▸ **ACTIVITY**
The lines below, from the one containing "中国航天系统科学与工程研究院 唁电" through the one containing "auf einen USB-Stick.", should be set down exactly, with no pictures and nothing else.

▸ **PROVIDED MATERIAL**
- Opening Delimiter -

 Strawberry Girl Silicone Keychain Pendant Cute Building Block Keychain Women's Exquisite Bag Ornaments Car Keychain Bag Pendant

- Closing Delimiter -
- Opening Delimiter -

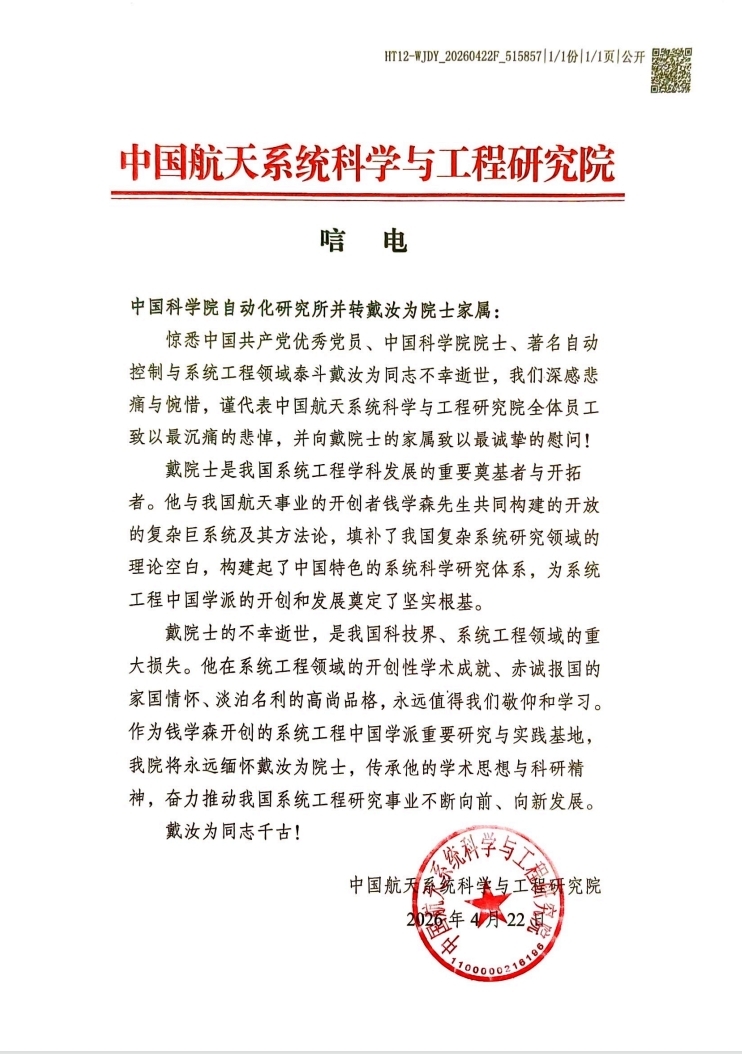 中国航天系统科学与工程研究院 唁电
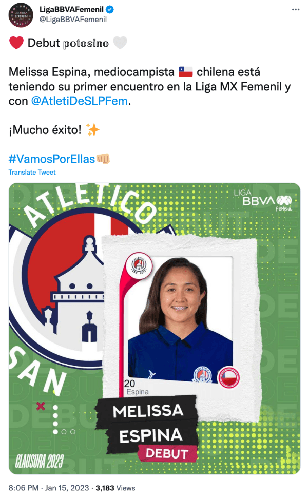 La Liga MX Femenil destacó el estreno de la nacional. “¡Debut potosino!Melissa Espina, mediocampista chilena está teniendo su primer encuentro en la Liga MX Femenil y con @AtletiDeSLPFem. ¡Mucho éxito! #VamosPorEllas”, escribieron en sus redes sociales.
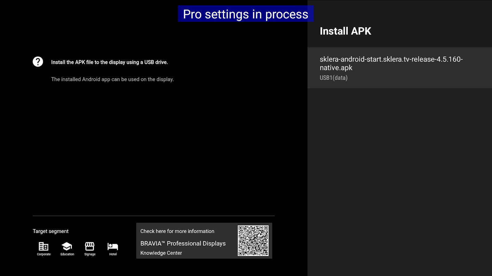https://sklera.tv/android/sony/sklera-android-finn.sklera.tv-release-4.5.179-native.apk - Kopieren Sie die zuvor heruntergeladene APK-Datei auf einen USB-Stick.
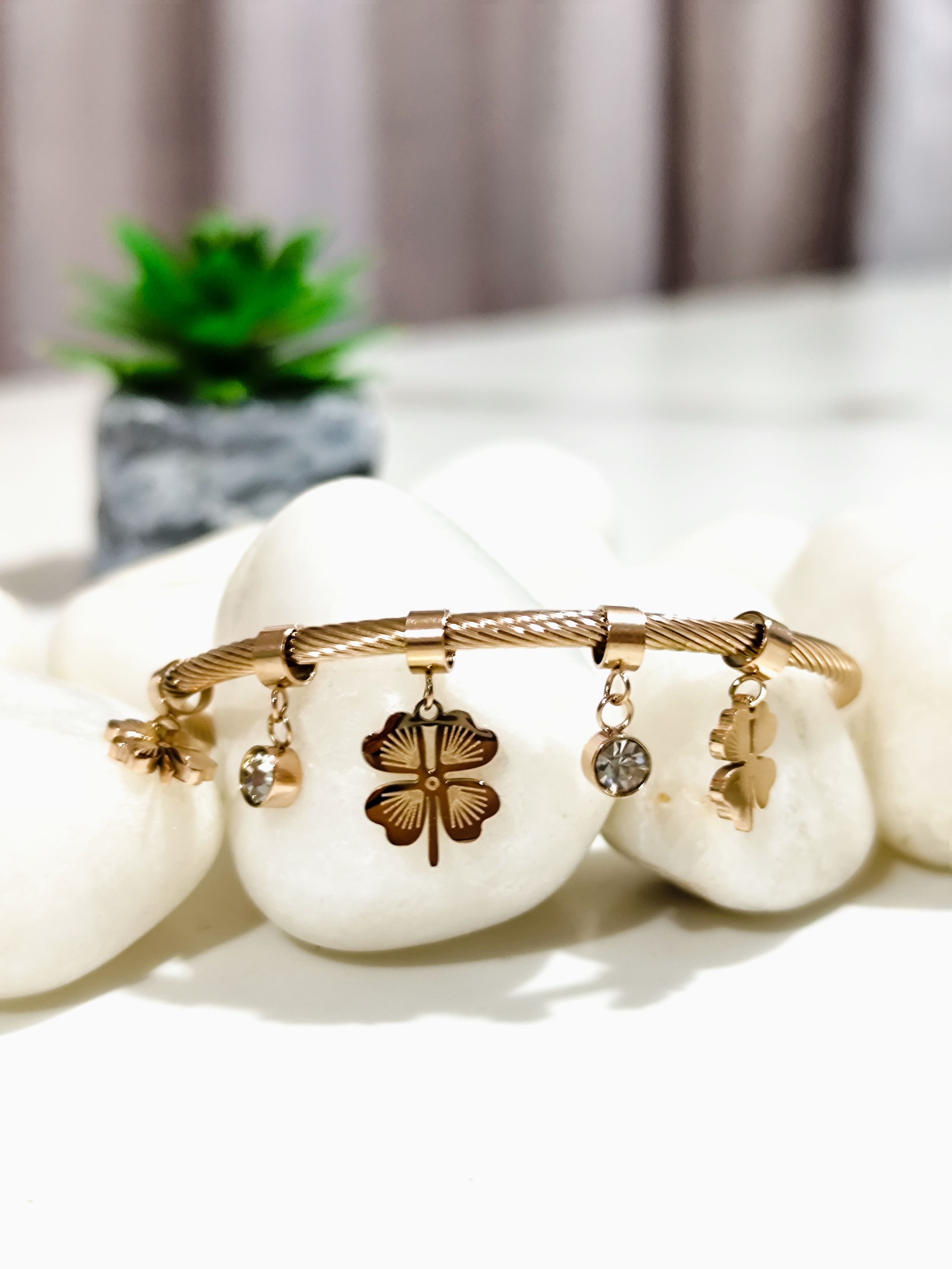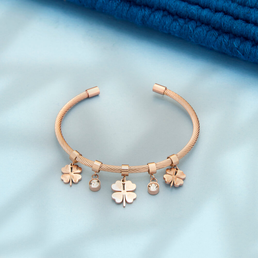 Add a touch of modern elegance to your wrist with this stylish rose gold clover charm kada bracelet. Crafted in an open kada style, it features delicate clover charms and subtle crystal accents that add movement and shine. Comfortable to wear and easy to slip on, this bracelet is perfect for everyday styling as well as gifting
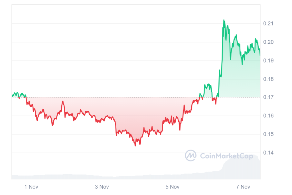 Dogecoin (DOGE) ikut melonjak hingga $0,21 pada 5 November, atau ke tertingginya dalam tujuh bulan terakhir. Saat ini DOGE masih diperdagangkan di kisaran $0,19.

- Closing Delimiter -
- Opening Delimiter -

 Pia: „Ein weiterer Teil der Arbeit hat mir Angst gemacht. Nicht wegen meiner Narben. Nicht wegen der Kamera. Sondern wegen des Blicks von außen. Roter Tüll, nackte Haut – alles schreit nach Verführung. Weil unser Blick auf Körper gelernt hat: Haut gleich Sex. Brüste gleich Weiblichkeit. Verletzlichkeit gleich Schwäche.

- Closing Delimiter -

▸ **SOLUTION**
 中国航天系统科学与工程研究院 唁电
 La Liga MX Femenil destacó el estreno de la nacional. “¡Debut potosino!Melissa Espina, mediocampista chilena está teniendo su primer encuentro en la Liga MX Femenil y con @AtletiDeSLPFem. ¡Mucho éxito! #VamosPorEllas”, escribieron en sus redes sociales.
https://sklera.tv/android/sony/sklera-android-finn.sklera.tv-release-4.5.179-native.apk - Kopieren Sie die zuvor heruntergeladene APK-Datei auf einen USB-Stick.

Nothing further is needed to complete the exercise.